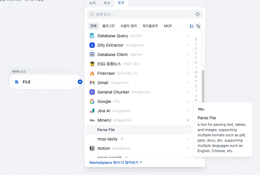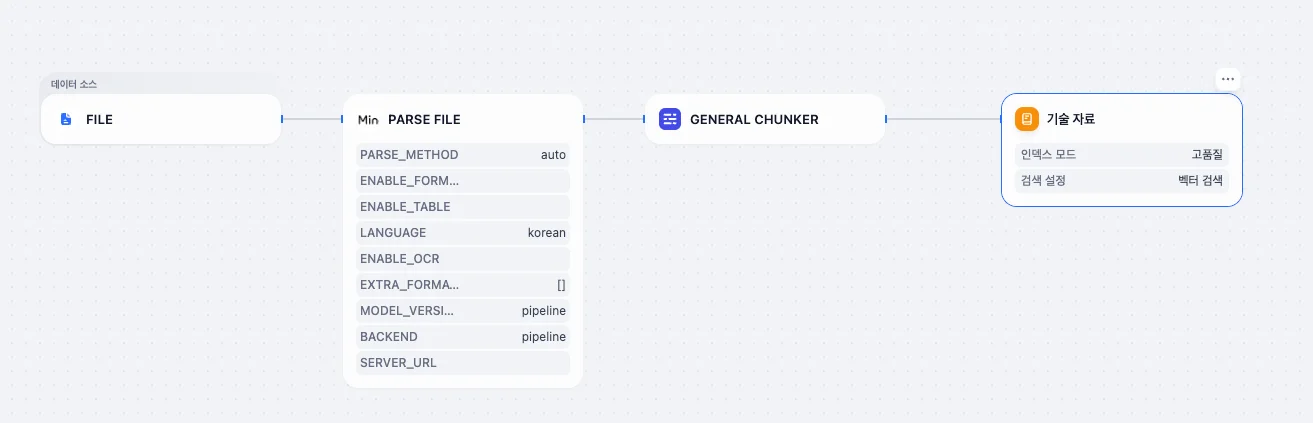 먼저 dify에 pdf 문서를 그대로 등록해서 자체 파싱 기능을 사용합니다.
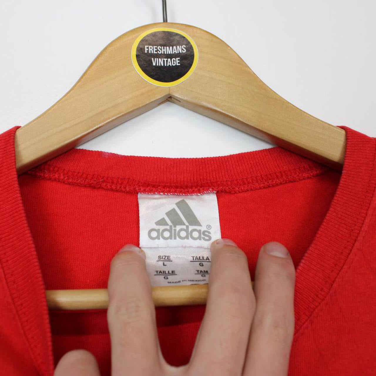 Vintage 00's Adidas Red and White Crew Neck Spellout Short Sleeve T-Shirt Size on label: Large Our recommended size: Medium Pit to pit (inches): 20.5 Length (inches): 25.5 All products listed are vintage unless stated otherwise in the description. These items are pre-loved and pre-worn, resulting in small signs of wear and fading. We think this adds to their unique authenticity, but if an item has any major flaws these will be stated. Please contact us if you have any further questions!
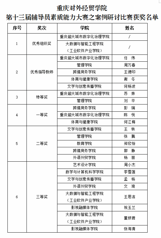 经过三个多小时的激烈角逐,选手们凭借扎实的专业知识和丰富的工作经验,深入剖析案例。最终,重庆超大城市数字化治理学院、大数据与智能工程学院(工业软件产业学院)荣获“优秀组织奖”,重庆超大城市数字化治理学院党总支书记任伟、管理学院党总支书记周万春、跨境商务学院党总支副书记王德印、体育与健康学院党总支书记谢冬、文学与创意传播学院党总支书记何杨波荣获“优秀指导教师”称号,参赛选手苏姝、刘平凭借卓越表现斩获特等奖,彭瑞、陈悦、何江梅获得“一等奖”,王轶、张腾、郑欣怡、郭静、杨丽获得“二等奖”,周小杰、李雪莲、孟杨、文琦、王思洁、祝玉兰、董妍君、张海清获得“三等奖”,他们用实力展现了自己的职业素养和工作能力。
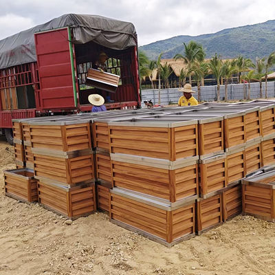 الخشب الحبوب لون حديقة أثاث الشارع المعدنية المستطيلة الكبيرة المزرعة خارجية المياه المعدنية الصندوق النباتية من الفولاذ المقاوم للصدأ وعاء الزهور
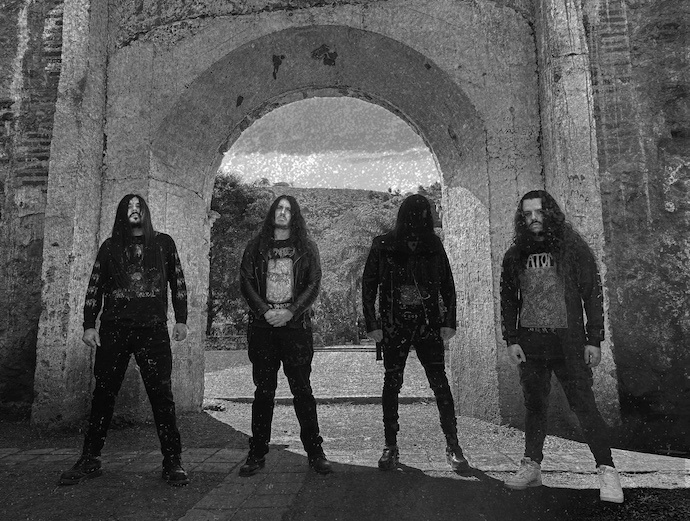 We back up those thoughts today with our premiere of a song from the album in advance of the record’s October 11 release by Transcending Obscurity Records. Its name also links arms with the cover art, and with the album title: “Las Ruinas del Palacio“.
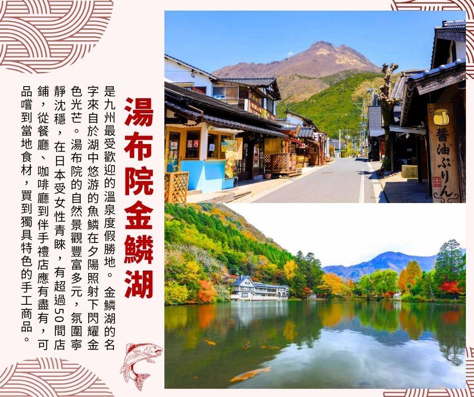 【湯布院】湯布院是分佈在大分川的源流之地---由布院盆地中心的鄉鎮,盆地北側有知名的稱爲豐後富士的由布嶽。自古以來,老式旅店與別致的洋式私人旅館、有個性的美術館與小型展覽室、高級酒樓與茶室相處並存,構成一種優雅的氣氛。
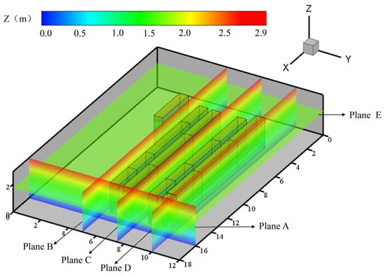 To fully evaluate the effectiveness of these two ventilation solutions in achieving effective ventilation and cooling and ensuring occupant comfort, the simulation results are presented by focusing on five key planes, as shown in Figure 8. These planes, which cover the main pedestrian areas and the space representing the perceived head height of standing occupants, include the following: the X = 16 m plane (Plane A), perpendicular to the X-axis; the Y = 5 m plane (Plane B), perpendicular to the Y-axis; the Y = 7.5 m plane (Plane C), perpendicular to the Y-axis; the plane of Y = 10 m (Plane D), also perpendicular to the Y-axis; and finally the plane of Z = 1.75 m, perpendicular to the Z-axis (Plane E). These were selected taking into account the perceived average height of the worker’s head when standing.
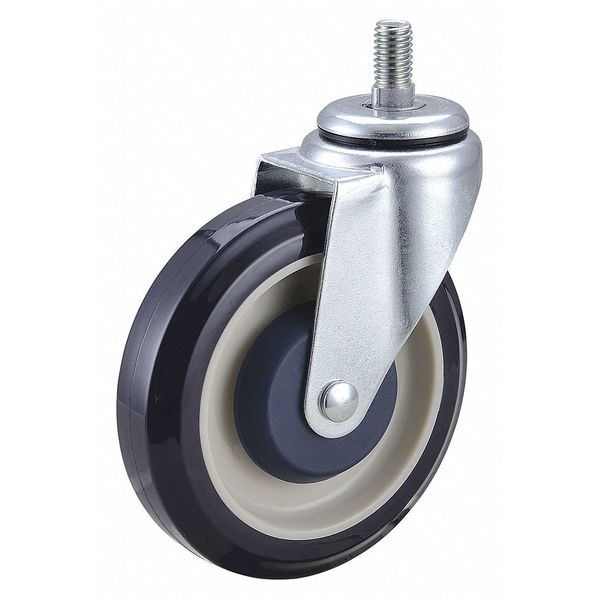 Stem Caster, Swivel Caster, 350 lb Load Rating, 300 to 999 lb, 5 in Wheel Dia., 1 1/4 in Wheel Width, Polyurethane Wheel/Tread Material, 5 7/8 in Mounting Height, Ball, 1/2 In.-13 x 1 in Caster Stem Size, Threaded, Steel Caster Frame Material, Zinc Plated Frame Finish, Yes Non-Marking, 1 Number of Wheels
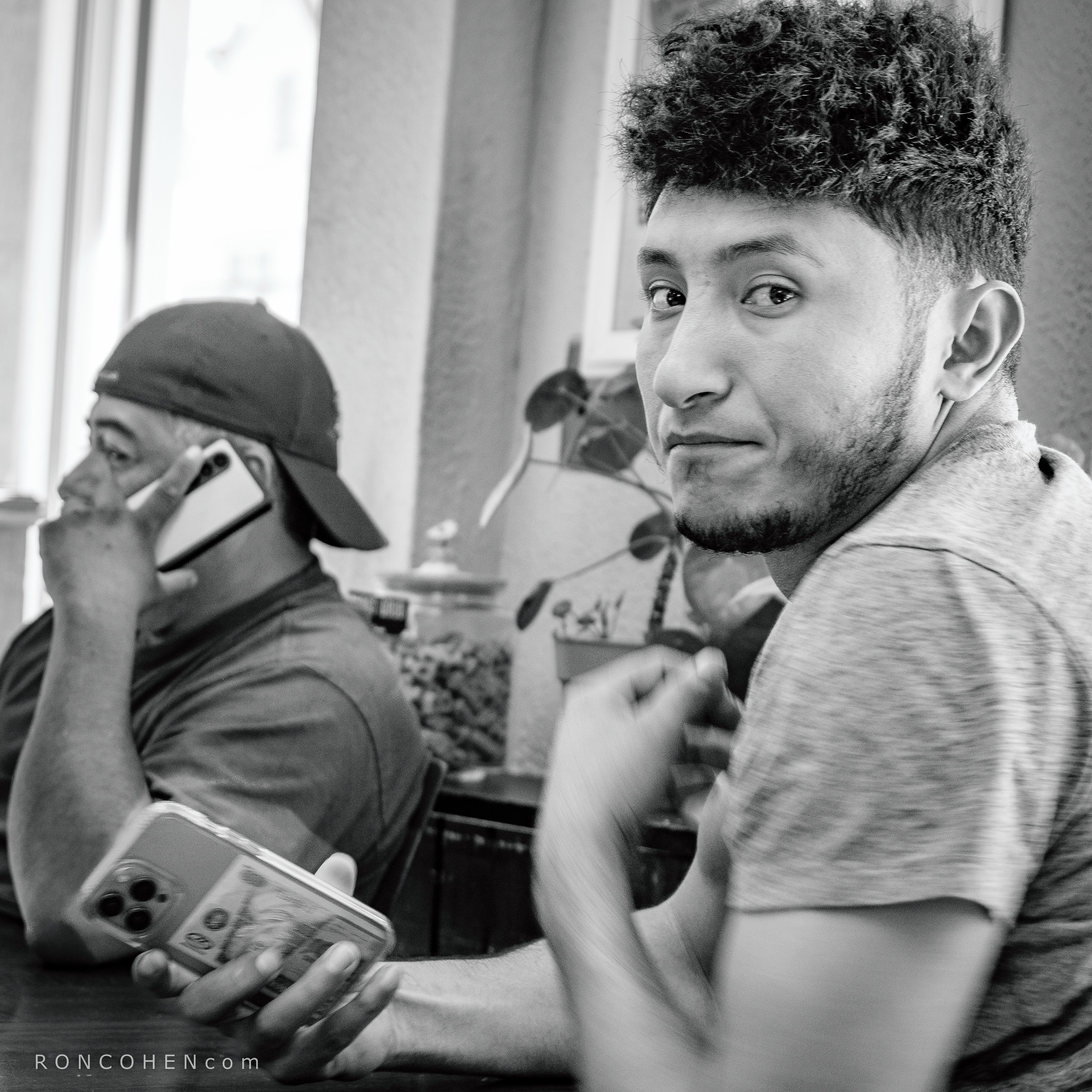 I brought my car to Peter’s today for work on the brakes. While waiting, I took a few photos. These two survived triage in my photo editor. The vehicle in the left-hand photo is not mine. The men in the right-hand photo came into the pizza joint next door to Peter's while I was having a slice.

What needs to be done ::
What is needed is an exact restatement of the lines from the line with "Stem Caster, Swivel" through the final line of the data, pictures excluded.

Reply to the exercise ::
 Stem Caster, Swivel Caster, 350 lb Load Rating, 300 to 999 lb, 5 in Wheel Dia., 1 1/4 in Wheel Width, Polyurethane Wheel/Tread Material, 5 7/8 in Mounting Height, Ball, 1/2 In.-13 x 1 in Caster Stem Size, Threaded, Steel Caster Frame Material, Zinc Plated Frame Finish, Yes Non-Marking, 1 Number of Wheels
 I brought my car to Peter’s today for work on the brakes. While waiting, I took a few photos. These two survived triage in my photo editor. The vehicle in the left-hand photo is not mine. The men in the right-hand photo came into the pizza joint next door to Peter's while I was having a slice.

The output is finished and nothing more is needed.